__Data under study__
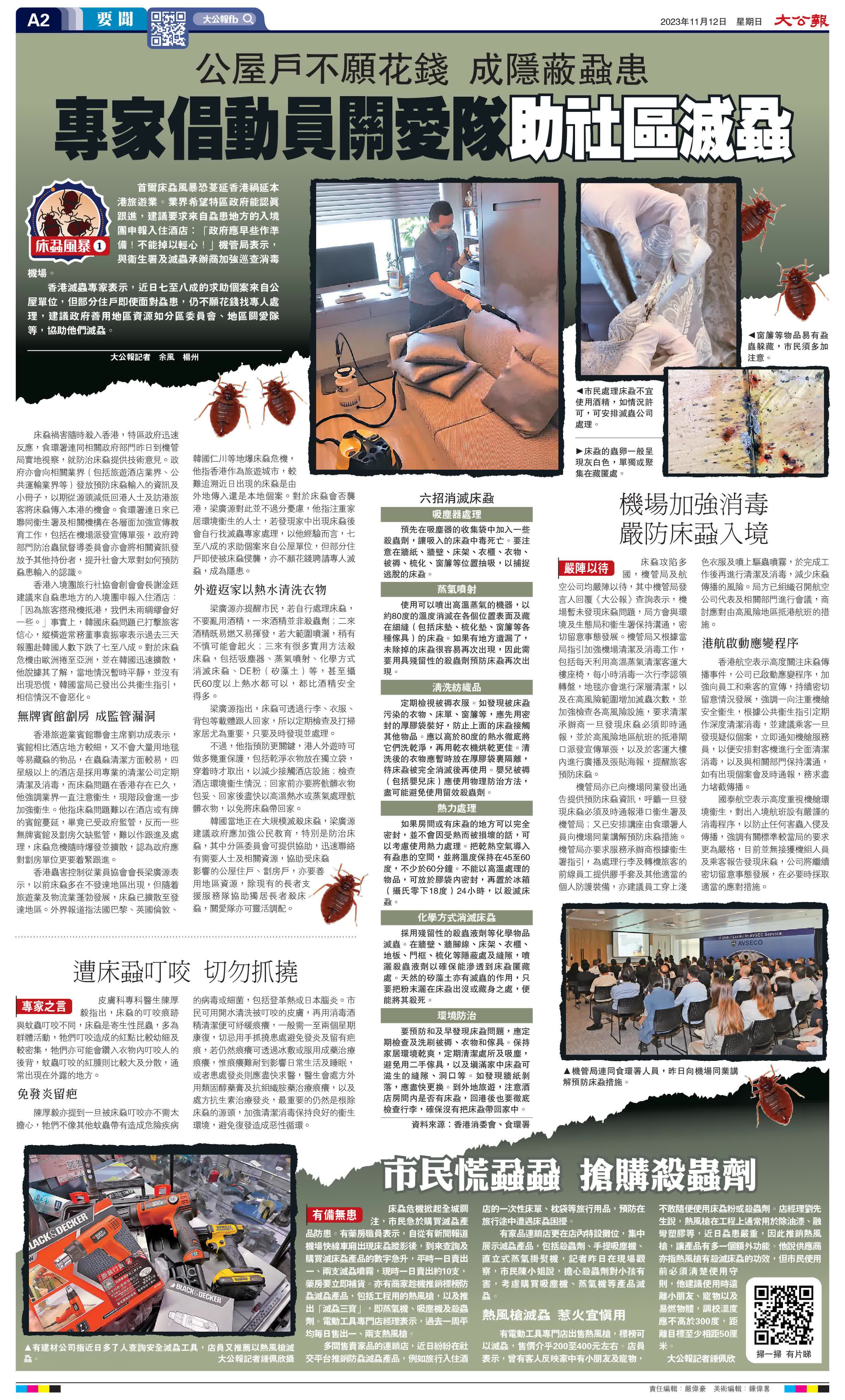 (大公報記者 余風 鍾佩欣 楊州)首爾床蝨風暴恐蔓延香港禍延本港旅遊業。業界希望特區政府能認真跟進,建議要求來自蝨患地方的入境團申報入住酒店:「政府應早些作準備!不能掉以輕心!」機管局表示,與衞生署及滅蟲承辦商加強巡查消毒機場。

--

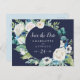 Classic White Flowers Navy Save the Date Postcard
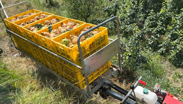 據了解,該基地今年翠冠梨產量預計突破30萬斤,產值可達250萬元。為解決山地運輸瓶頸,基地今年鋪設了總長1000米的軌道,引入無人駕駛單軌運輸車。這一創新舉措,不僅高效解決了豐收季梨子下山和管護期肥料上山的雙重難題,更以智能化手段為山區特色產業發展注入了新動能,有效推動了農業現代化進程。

__Exercise directions__
Find the line with "Classic White Flowers" in the data above, and from there retype each line exactly through the line with "據了解,該基地今年翠冠梨產量", skipping the pictures along the way.

__Response__
 Classic White Flowers Navy Save the Date Postcard
 據了解,該基地今年翠冠梨產量預計突破30萬斤,產值可達250萬元。為解決山地運輸瓶頸,基地今年鋪設了總長1000米的軌道,引入無人駕駛單軌運輸車。這一創新舉措,不僅高效解決了豐收季梨子下山和管護期肥料上山的雙重難題,更以智能化手段為山區特色產業發展注入了新動能,有效推動了農業現代化進程。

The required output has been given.